• _GOAL OF THE EXERCISE_
Repeat every entry word for word, skipping the pictures.

• _Records from a dataset_
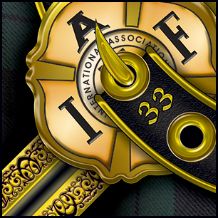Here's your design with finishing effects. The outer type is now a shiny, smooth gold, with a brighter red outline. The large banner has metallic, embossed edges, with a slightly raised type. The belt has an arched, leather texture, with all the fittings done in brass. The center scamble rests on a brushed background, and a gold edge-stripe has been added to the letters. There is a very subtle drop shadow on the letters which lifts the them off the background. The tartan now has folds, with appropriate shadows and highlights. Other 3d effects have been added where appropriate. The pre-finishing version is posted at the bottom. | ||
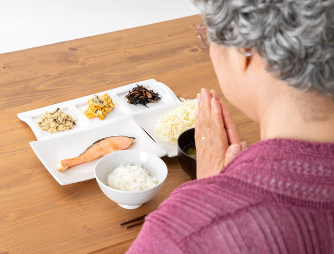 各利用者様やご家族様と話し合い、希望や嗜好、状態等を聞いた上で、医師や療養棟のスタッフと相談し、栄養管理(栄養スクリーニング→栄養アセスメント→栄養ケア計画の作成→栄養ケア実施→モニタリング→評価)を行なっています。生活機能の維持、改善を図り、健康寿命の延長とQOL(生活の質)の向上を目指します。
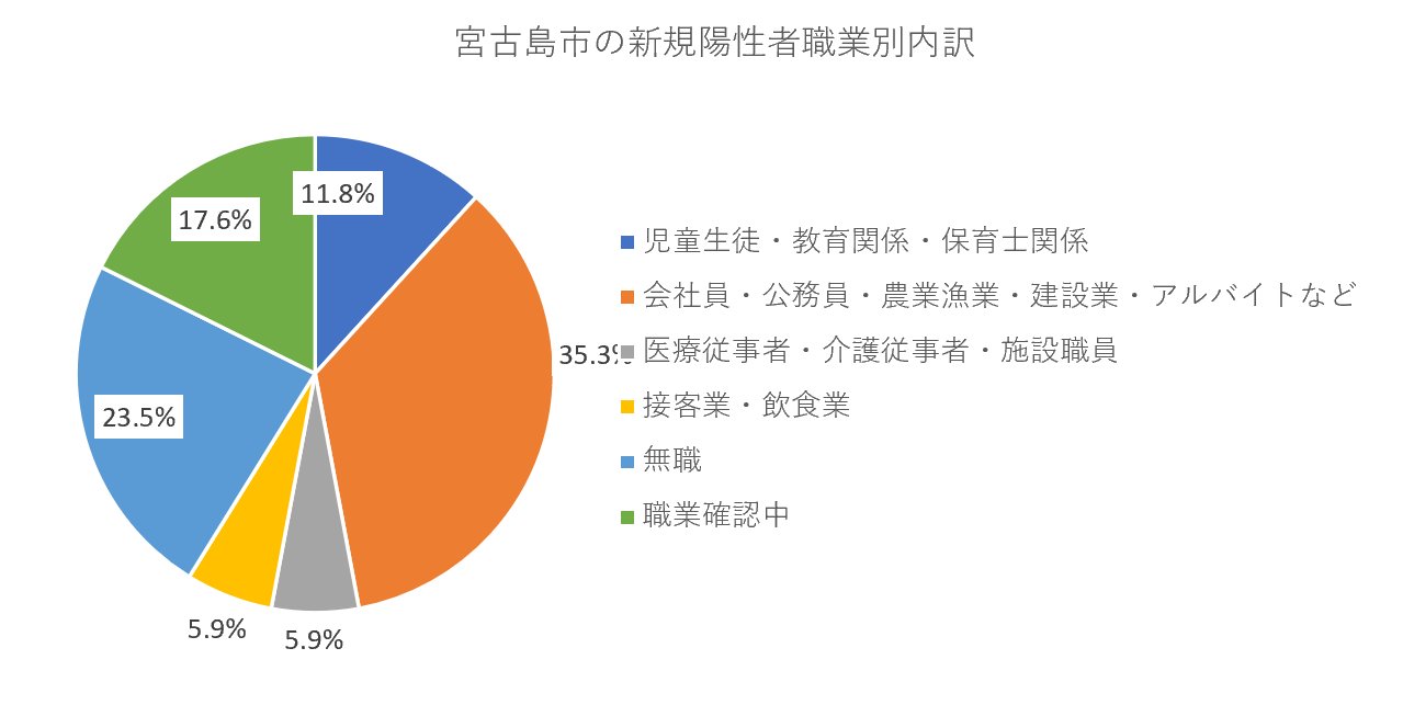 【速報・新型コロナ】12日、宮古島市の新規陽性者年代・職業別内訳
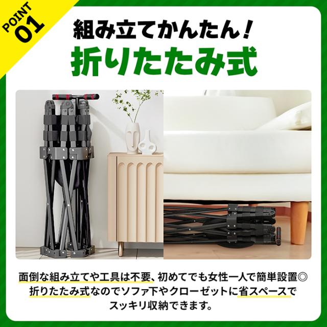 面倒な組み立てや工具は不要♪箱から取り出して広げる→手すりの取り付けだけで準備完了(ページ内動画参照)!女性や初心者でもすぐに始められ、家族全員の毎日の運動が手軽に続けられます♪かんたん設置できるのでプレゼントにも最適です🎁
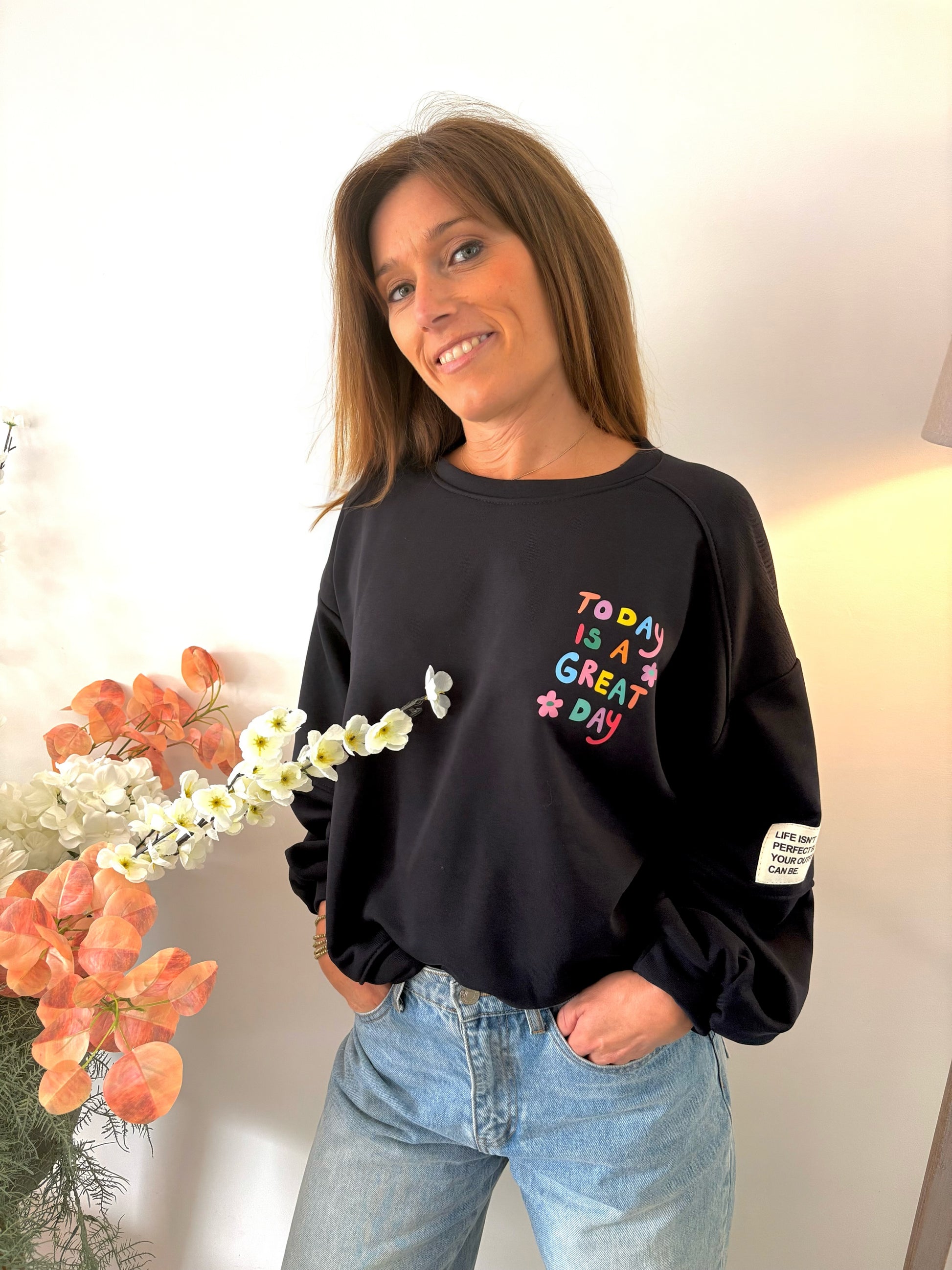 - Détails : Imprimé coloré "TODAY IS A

• _OUTPUT FOR THIS TASK_
Here's your design with finishing effects. The outer type is now a shiny, smooth gold, with a brighter red outline. The large banner has metallic, embossed edges, with a slightly raised type. The belt has an arched, leather texture, with all the fittings done in brass. The center scamble rests on a brushed background, and a gold edge-stripe has been added to the letters. There is a very subtle drop shadow on the letters which lifts the them off the background. The tartan now has folds, with appropriate shadows and highlights. Other 3d effects have been added where appropriate. The pre-finishing version is posted at the bottom. | ||
 各利用者様やご家族様と話し合い、希望や嗜好、状態等を聞いた上で、医師や療養棟のスタッフと相談し、栄養管理(栄養スクリーニング→栄養アセスメント→栄養ケア計画の作成→栄養ケア実施→モニタリング→評価)を行なっています。生活機能の維持、改善を図り、健康寿命の延長とQOL(生活の質)の向上を目指します。
 【速報・新型コロナ】12日、宮古島市の新規陽性者年代・職業別内訳
 面倒な組み立てや工具は不要♪箱から取り出して広げる→手すりの取り付けだけで準備完了(ページ内動画参照)!女性や初心者でもすぐに始められ、家族全員の毎日の運動が手軽に続けられます♪かんたん設置できるのでプレゼントにも最適です🎁
 - Détails : Imprimé coloré "TODAY IS A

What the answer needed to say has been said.